I’ve been to countless shrinks.

I’ve seen a shitload of doctors of all types and sorts, and I’ve been on more medication for a lot of things that I know my parents thought would probably do me good but, newsflash, it didn’t. It never did.

I don’t know what’s wrong with me.

I don’t know that even Doc Flynn, who is more a scientist than a doctor but whose knowledge is still something I totally respect, even knows. I’m just that way. Touch—especially skin-on-skin touch—from anyone out there except Silver which is something I have no words of gratitude big enough for, will make me ill. It’s instantaneous, too. Though it doesn’t always lead me to upchucking but most of the time, it does.

If it’s just a bare little brush, at times, I’ll be lucky enough that it’ll just lead to some hard shaking and maybe even some dry heaving but, usually, it’s pretty much convulsions and I’ve been known to faint.

All in all, it’s not something that’s fun to handle and when my parents first told me, so many years ago, that they were sending me out there in the big bad world for university instead of allowing me to do online schooling, I was baffled. I didn’t want to go. To them it was like sending a child to daycare, let that child figure themselves out and sort their behaviour and all. Somehow, they seemed to think that surrounding me with other people while I studied for something I didn’t want to, would help ‘cure’ me.

It didn’t.

It did, however, lead me to Silver and I’m grateful for that.

I remember thinking that they were sending me out on this great big adventure, and it was one I was just not prepared for. I didn’t tell them to their face, they would have scoffed at me and who knows what else. It was bad enough—in their eyes—that they were wasting so much money on medical things for me that it was only right that I make some effort to repay them back since I didn’t know how to behave.

These comments used to hurt at first but once Silver had come into my life, I sort of slowly wrapped my mind around it all. I know that they thought they were doing it for my own good, but it just wasn’t a good thing.

I remember when we heard the information about the transports, and I sort of panicked. I thought we’d be packed like sardines in whatever vehicles they were using to pick us up that we wouldn’t even have room for breathing. Now, for some unknown reasons, my condition really is mostly triggered by skin-on-skin contact but it doesn’t stop the fact that I’d become so stressed out by my own reaction that the thought of being anywhere near others, even if I was going to be covered from head to toe, didn’t sit well with me.

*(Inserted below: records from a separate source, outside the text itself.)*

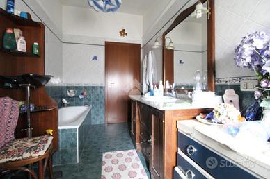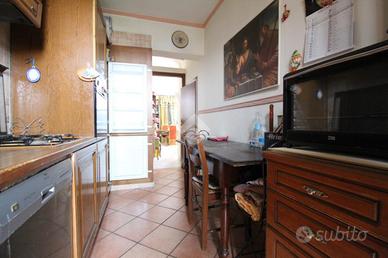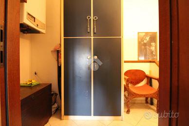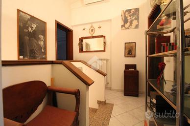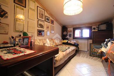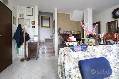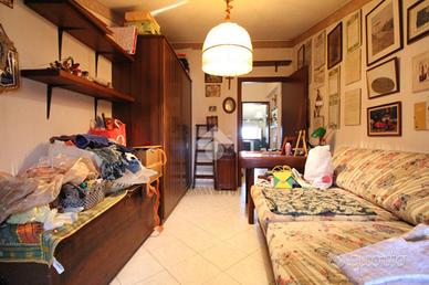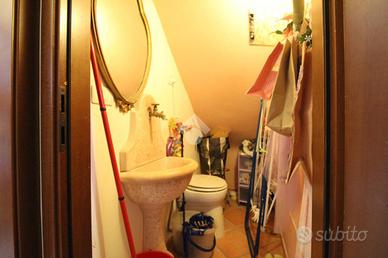 SALVATERRA: Rif. 156 in scala di tre unità, appartamento su due livelli, composto da: Piano primo: ingresso su soggiorno di 30 mq. con balcone (con possibilità di angolo cottura), cucinotto con balcone (può diventare un bagno), ripostiglio con lavandino e water; Piano secondo: sottotetto, altezza minima 1,80 mt., massima 3 mt. con due camere (mq. 12+20) e bagno. Cantina e garage. Possibilità opzionale di ulteriore garage di 53 mq. con bagno, non adiacente alla abitazione, ma a 20 mt.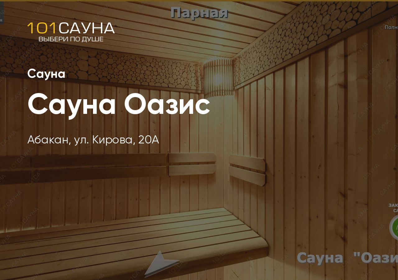 Сауна «Оазис» — уютное место для отдыха небольшой компанией в самом центре Абакана, по адресу ул. Кирова, 20А. Работает круглосуточно, без выходных.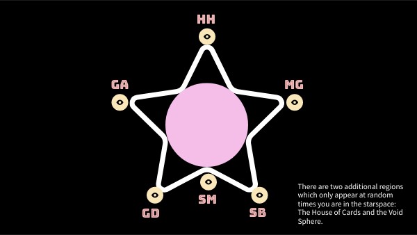 There are two additional regions which only appear at random times you are in the starspace: The House of Cards and the Void Sphere.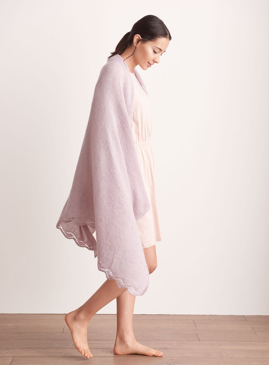 Lana Grossa Ecopuno (75 % Baumwolle, 15 % Schurwolle, 10 % Alpaka, Lauflänge 225 m/50 g) 350 g Flieder (Fb 8); Stricknadeln Nr. 5.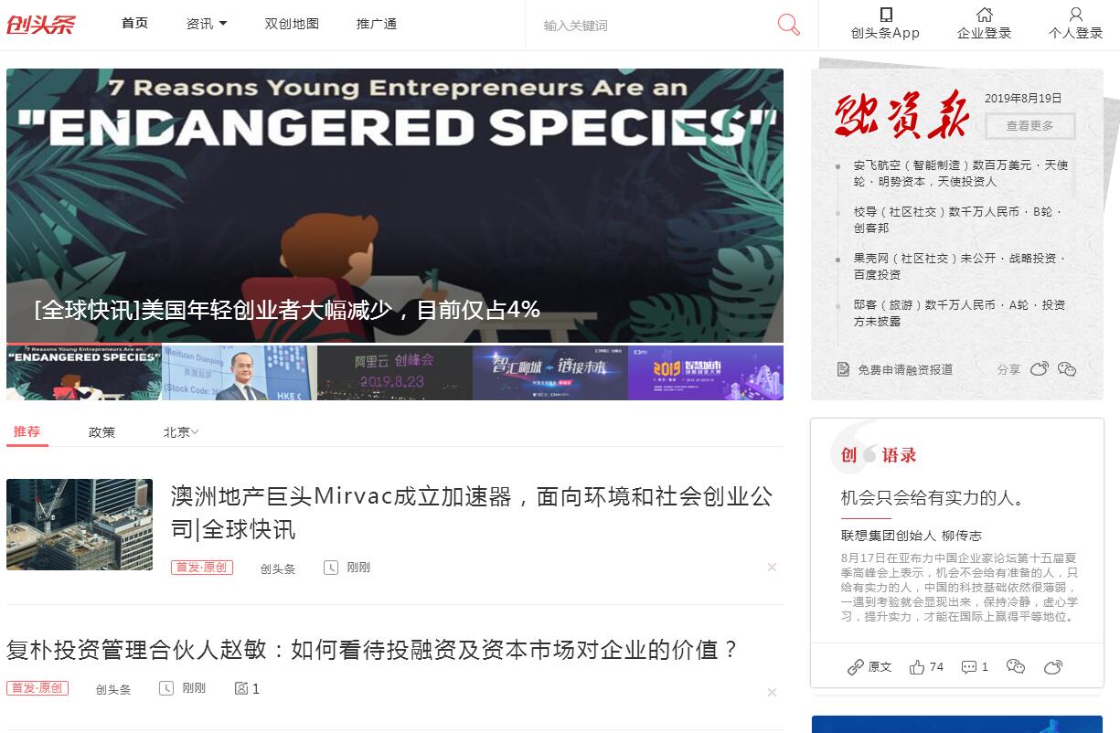 | 网站简介: 创头条为您提供创投圈最新鲜的创业资讯、投资资讯、互联网创业资讯等信息,致力于帮助创业者和投资人实现个性化定制,为创业企业提供优质的企业服务。 |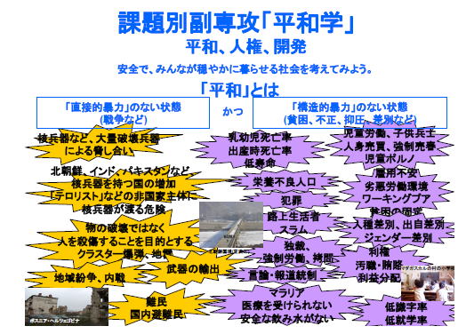 2013年4月の副専攻ガイダンスで配布した資料(pdf 約940KB) (副専攻「平和学」のポイントを6頁で紹介)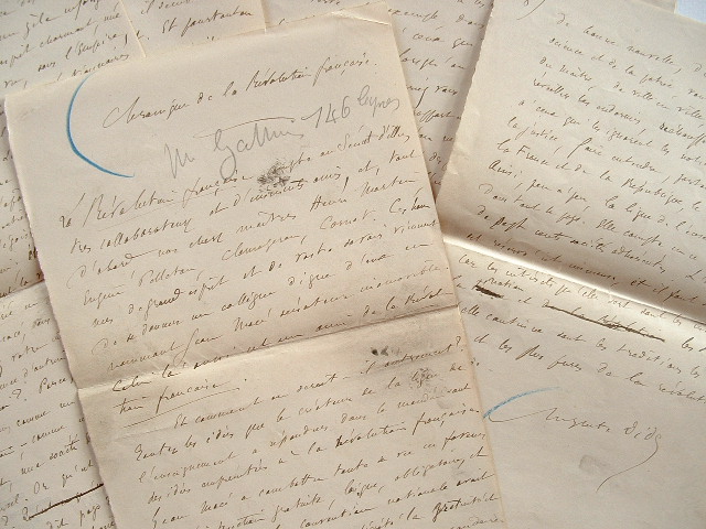 Auguste Dide (Vézenobres, 1839/1918)Manuscrit d'un article d'Auguste Dide intitulé : "Chronique de la Révolution française", vraisemblablement destiné à être imprimé dans la Revue de la Révolution française. Il y fait l'éloge de Jean Macé, l'un des collaborateurs de la revue, qui vient d'être élu sénateur inamovible (3 décembre 1883). «Toutes les idées que le créateur de la Ligue de l'enseignement a répandues dans le monde sont des idées empruntées à la Révolution française. Jean Macé a combattu toute sa vie en faveur de l'instruction gratuite, laïque, obligatoire, et l'on sait que la Convention nationale avait séparé l'église de l'école, décrété la gratuité et l'obligation de l'enseignement, même secondaire. Le mérite de Macé n'est pas d'avoir inventé des idées (et qui peut se vanter d'un tel mérite ?), c'est d'avoir mis au service des conceptions de la Révolution française, un zèle infatigable, une abnégation d'apôtre, un esprit charmant, une foi indomptable [...]».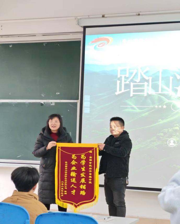 为感谢学院为公司输送的优秀学生,会前,贵州顺美车游旅游发展有限公司肖学舜董事长代表公司宣读了感谢信,并向黄咏梅书记颁发了“为学生发展铺路,为企业输送人才”的锦旗。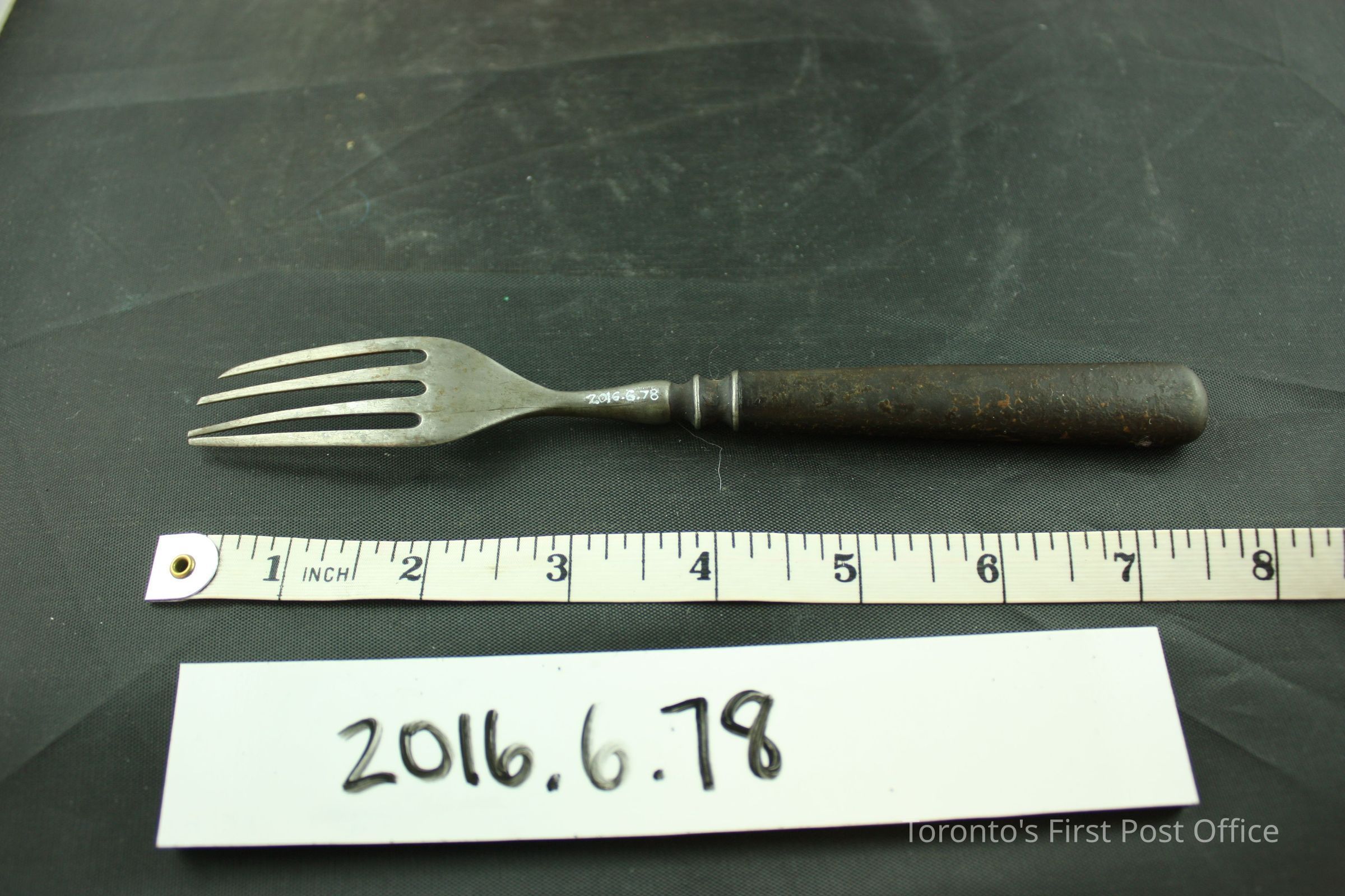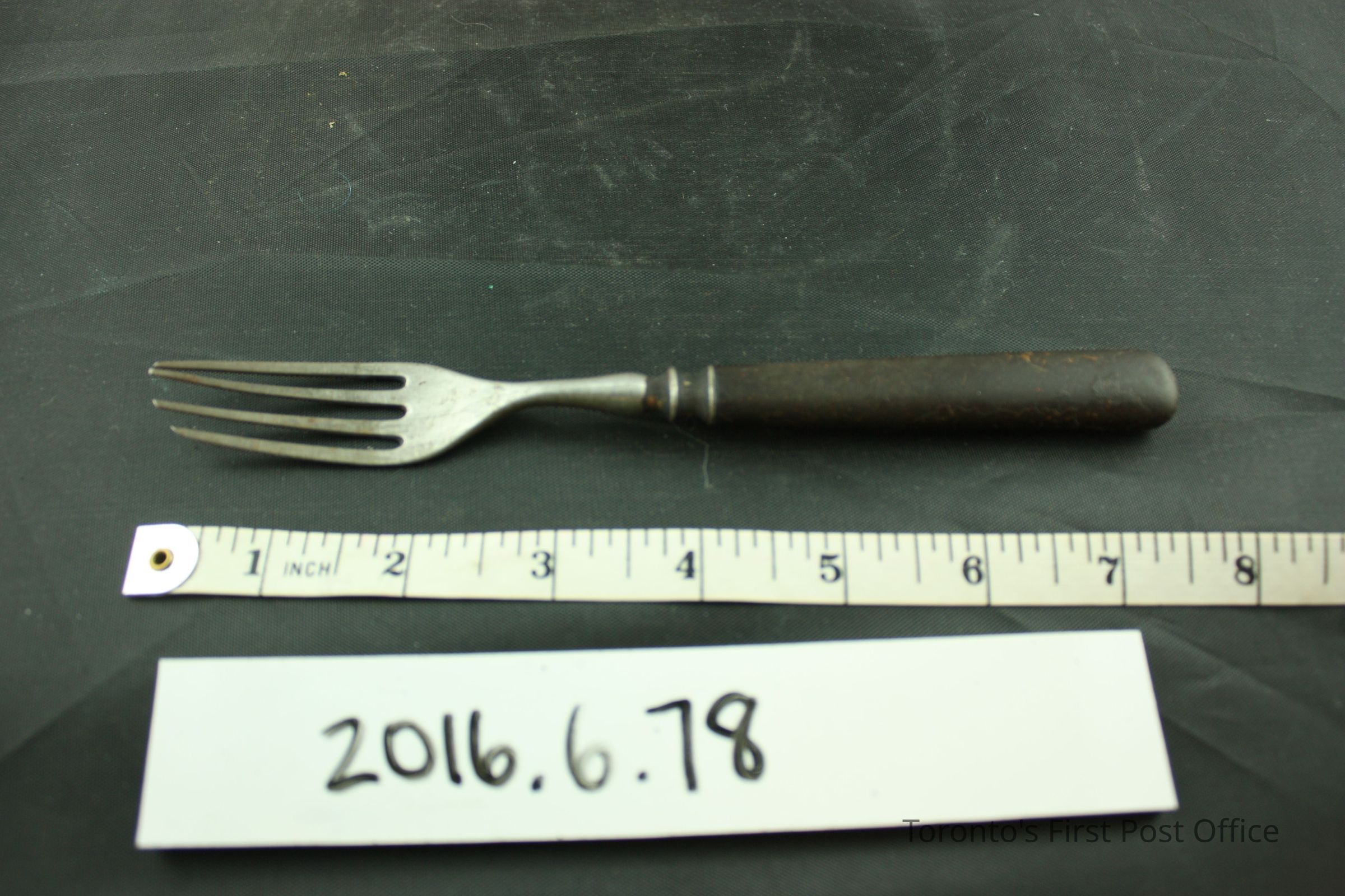 Steel fork with an unknown varnished handle. Four (4) irregularly long tines form the head of the fork. Two (2) circular grooves embellish the base of the head. The handle is composed of a solid piece of dark material that has been coated with a varnish.Dimensions

We did end up going, after all, I mean, we’re here now. I don’t remember much of that day. I remember us walking, I remember standing there and pacing a little, I remember spotting the transport coming our way, but after that, all I remember is Silver sitting next to me on a bed dabbing a cloth on my forehead. I never asked him about that day, but I can only figure I possibly passed out or, what I hope for, is that I just really zoned out badly, so I didn’t have to think about our situation.

I mean, if I passed out, it means that he’d had to carry me inside. Something he wouldn’t have let anyone else do because of my condition and it makes me sick to think that he’d have had to carry our bags and stupid little old me down there into the bunker. I’d much rather think that I zoned out and became possibly just catatonic and I had to be walked from the transport to our room and eventually came back out of it.

This was years ago but I admit that, on some days, I still think about it.